Paying for Coffee Sourcing

Paying for Coffee: Inzá

In our previous series, Paying for Coffee: It’s Complicated, we talked about the various factors that underpin how we as a coffee sourcing company buy coffee, as well as how to discuss it. While that series looked at the larger picture and laid crucial groundwork for the discussion, this is something we feel we—and the industry at large—need to go deeper on. This series will take a closer look at the details that underpin how we buy coffee in our major supply chains, each of which is unique. 

Inzá, Our Oldest Relationship

In this piece, we take a deep look at Inzá, our longest-standing relationship at 13 years. In Inzá, we’ve seen other buyers come and go, dealt with hyper-competition, and experienced both success and failure; through it all, we’ve remained just as invested in the hardworking and honest members and leaders at producer association Asorcafe and the exceptional quality and consistency they produce. This is a group we’re completely committed to, and here, we dive into what that commitment looks like, talking about not just what we pay for coffee, but how we buy it.

What We Pay

First, the simplest part of the equation: what we pay. We visit our trade partners in Inzá each May to establish pricing for the following 12 months of harvest. Our motivation is not just to make coffee production worthwhile in Inzá, but to make sure that the extra effort it takes to produce the above-and-beyond quality we look for here drives the incentives producers receive. Asorcafe sells their specialty coffee production to us exclusively, so we also need to ensure that our pricing is superior to what they could get elsewhere in order to maintain our exclusive access to their specialty weight.

Farmgate Pricing

As part of this strategy, we set our base prices high and we don’t tie them to the C market in any way.

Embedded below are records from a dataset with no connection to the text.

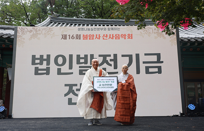 생명나눔실천본부(이사장 일면대종사)는 10월 18일, 남양주 불암사에서 산사에 가을을 담고, 가을에 생명을 담은 ‘생명나눔과 함께하는 제16회 불암사 산사음악회’를 개최했습니다.
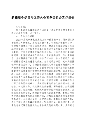 新疆维吾尔自治区委员会常务委员会工作报告.docx
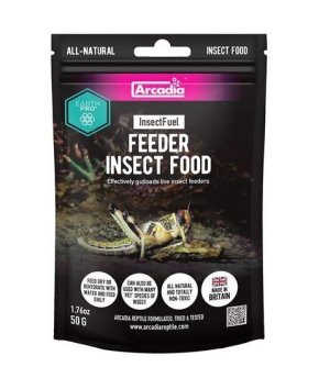 Arcadia EarthPRO-Insect Fuel má svoj základ vo lucerne, pestovanej a zberanej v Anglicku, obohatenej o plné spektrum vitamínov, minerálov a včelieho peľu.

First, as a comparative baseline, the local price offered by the Colombian Coffee Growers Federation (FNC) on our most recent visit was 837,000 pesos per carga (the standard price/volume measurement in Colombia—around 125 kg parchment) with no pricing incentive for better quality—a price that goes up and down with the C market. In Inzá, Nespresso is a huge commodity buyer, offering prices slightly higher than the Federation: at the same time the FNC was offering 837,000 pesos per carga, the Nespresso price was 850,000, also tied to the C market.

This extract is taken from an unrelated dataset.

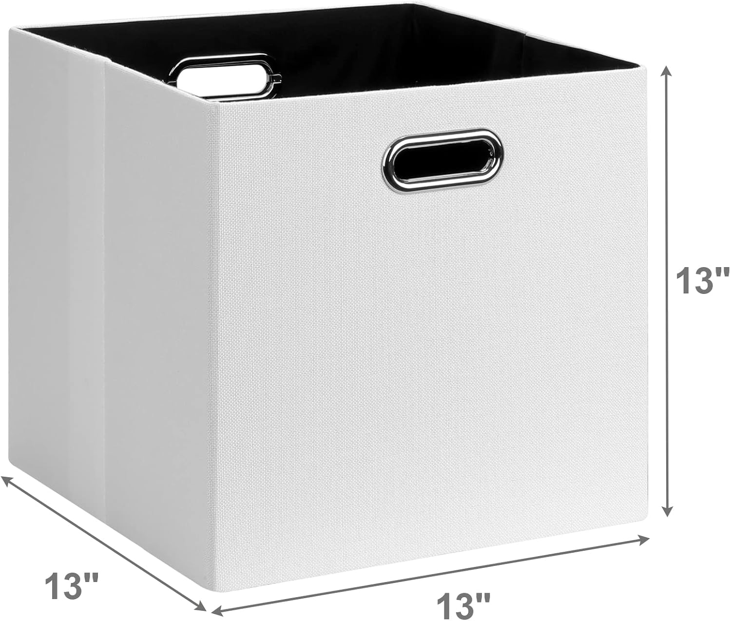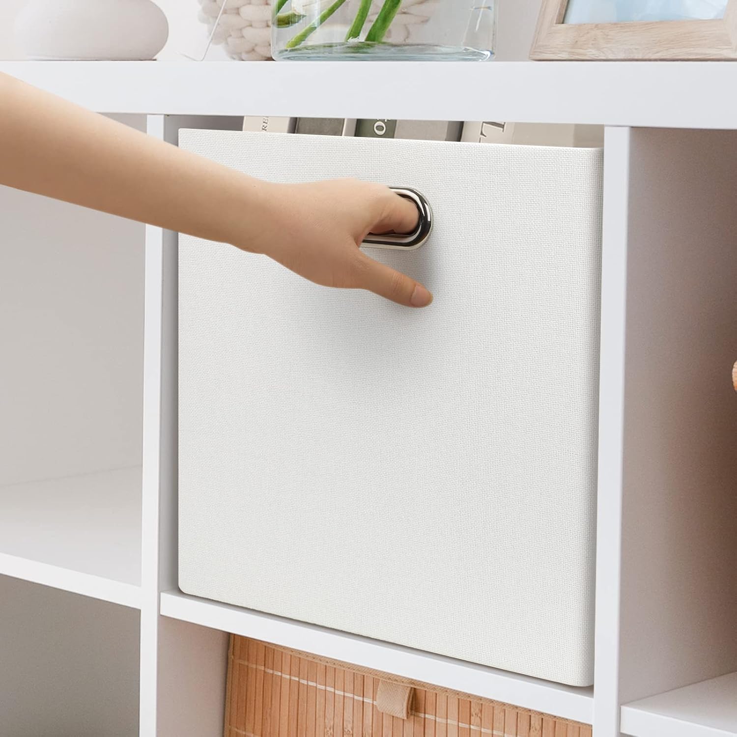 Posprica Fabric Storage Cubes, 13x13 Collapsible Storage Bins with Dual Handles, Foldable Storage Boxes Basket for Closet Shelf Cabinet Bookcase Organization, Set of 4, White

Looking at our prices, we pay a baseline rate for coffees scoring 84-85 of 1,150,000 Colombian pesos per carga, equivalent to 2.47 FOB (or free on board, the price of the coffee at export). For coffees that score an 86, we pay 1,250,000 pesos per carga, equalling 2.64 FOB. For coffees at an 87, we pay 1,400,000 pesos per carga, or 2.90 FOB, and for 88-89 point coffees, we pay 1,500,000 pesos per carga, or 3.07. For coffees at or above a 90, we pay 1,700,000 pesos per carga, or 3.42 FOB. Once again, our prices don’t fluctuate based on the C market.

[table id=5 /]

FOB Pricing

As we’ll go further into below when talking about how we buy, costs that take the coffee from farmgate to FOB include transportation from the interior to the mill (which Red Fox pays for directly), meticulous preparation for export, GrainPro for protection through transport and storage, transport to port, and loading onto the cargo ship. We expect a process and prep that’s close to perfect and we pay well for it.

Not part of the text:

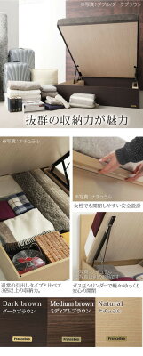 ●メーカー2年保証【セット構成】ベッドx1・マットレスx1【カラー】ダークブラウン・ミディアムブラウン・ナチュラル【仕様】■ベッド本体・床板:プリント紙化粧合板跳ね上げ収納:ガススプリングコンセント:1口1500Wコード長さ:約1.7m照明:LED0.2W◎組立品■マットレス張地:ポリエステル64%、綿27%、レーヨン9%中身:ウレタンフォーム、パームパッド、ポリエステル綿、防虫不織布コイル:マルチラススーパースプリング【サイズ】■ベッド外寸:幅141x奥行213x高さ87cm/約100kg床面高さ:33.5cm床面サイズ:幅141x奥行197cm収納サイズ:幅134/114x奥行188x高さ28.5cm■マットレス外寸:幅140x奥行195x高さ16cm/約23kg送料全国一律無料(沖縄・離島は配達不可)備考※お急ぎの場合は必ず事前に在庫確認を行って下さい。

As we explored in Paying for Coffee: It’s Complicated, just as exporting coffee adds costs over and above the amount the producer got paid, the importing and warehousing process also adds costs of its own. Once we factor in the cost of bringing coffee into port, getting it into a warehouse, holding it in the warehouse until it’s sold, and covering the additional operating costs of our business, we get to our ex-warehouse prices, the point at which roasters purchase our coffees.

Managing Risk

Another factor we have to account for in our ex-warehouse pricing is the risk we take when carrying a large spot position from these producer groups. Where many other importers and sourcing companies only buy what they can sell in advance, reducing their warehousing costs, we commit to the quality volume Asorcafe produces, selling it over a longer period of time.

What this often means is that we’re managing some amount of inventory in the warehouse for a longer period in order to do this—a cost we have to account for. We’re also accountable for any quality risks involved in this process, paying what we’ve committed to paying even if the coffee doesn’t arrive at the contracted quality level.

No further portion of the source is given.